There are many varieties of Educational Plans available that allow you to provide for your children's future. Making the right decision can be difficult based on many circumstances so it is always recommended that you talk to a Paisley Advisor before selection has been made. Below you will find some useful information that will get you up to speed on some of the top plans.

529 Plans

A 529 plan is a tax-advantaged investment vehicle in the United States designed to encourage saving for the future higher education expenses of a designated beneficiary.

There are  two types of 529 plans: Prepaid Plans and Savings Plans.

Prepaid plans allow one to purchase tuition credits, at today's rates, to be used in the future. Therefore, performance is based upon tuition inflation.

There are  two types of 529 plans: Prepaid Plans and Savings Plans.

Savings plans are different in that all growth is based upon market performance of the underlying investments, which typically consist of mutual funds. Most 529 savings plans offer a variety of age-based asset allocation options where the underlying investments become more conservative as the beneficiary gets closer to college age. The big question in today's volatile markets is what type of downside protection do you have sitting solely in Mutual Funds, even if more conservative options are available?
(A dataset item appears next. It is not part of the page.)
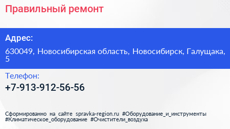 Правильный ремонт по адресу 630049, Новосибирская область, Новосибирск, Галущака, 5 в дальнейшем Организация, размещена в следующих категориях:

In 2008, even bond funds went down so now, more than ever it is important to work with an Advisor you feel is capable of navigating you through the boom times as well as bust times.
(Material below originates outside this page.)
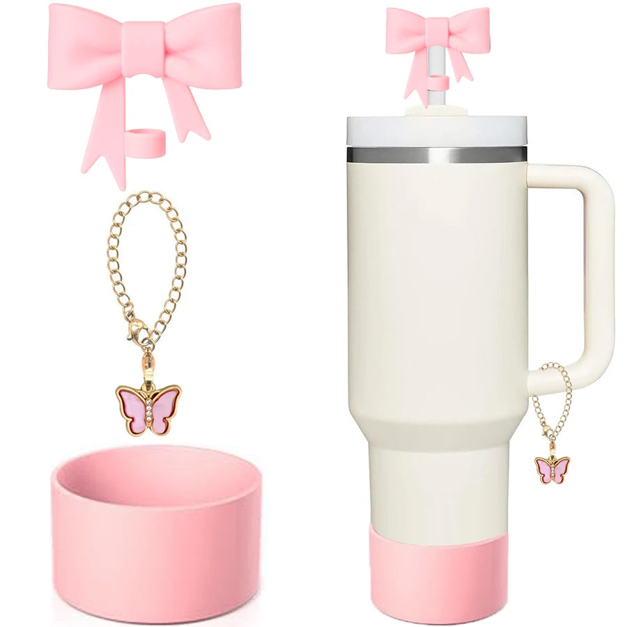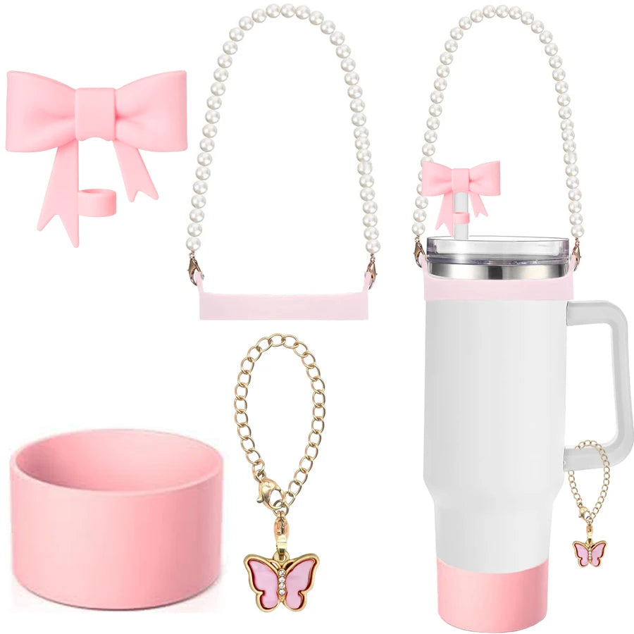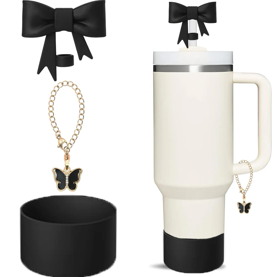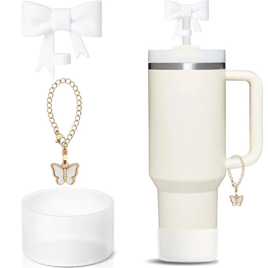 3 uds accesorios para taza Stanley 1 Uds tapa de cubierta de pajita con lazo de 10mm 1 Uds botellera de agua 1 Uds cadena con dije para vaso con asa

Money from a 529 plan can be used for tuition, fees, books, supplies and equipment required for study at any accredited college, university or vocational school in the United States and at some foreign universities. The money can also be used for room and board, as long as the fund beneficiary is at least a half-time student. Off-campus housing costs are covered up to the allowance for room and board that the college includes in its cost of attendance for federal financial-aid purposes. Note that qualified education expenses do not include student loans and student loan interest.

A distribution from a 529 plan that is not used for the above qualified educational expenses is subject to income tax and an additional 10% early-distribution penalty on the gains portion only unless one of the following conditions is satisfied:

       o The designated beneficiary dies, and the distribution goes to another beneficiary or to the estate of the designated beneficiary.
       o The designated beneficiary becomes disabled. A person is considered disabled if there is proof that he or she cannot do any substantial gainful activity because of a physical or mental condition. A physician must determine that the individual's condition can be expected to result in death or continue indefinitely.

The designated beneficiary receives any of the following:
       o A qualified scholarship excludable from gross income
       o Veterans' educational assistance
       o Employer-provided educational assistance
       o Any other nontaxable payments (other than gifts, bequests or inheritances) received for education expenses

Why Start a 529 Plan?

Although contributions are not deductible from the donor's federal income tax liability, many states provide state income tax deductions for all or part of the contributions of the donor. Beyond the potential state income tax deduction possibilities, a prime benefit of the 529 plan is that the principal grows tax-deferred and distributions for the beneficiary's college costs are exempt from tax.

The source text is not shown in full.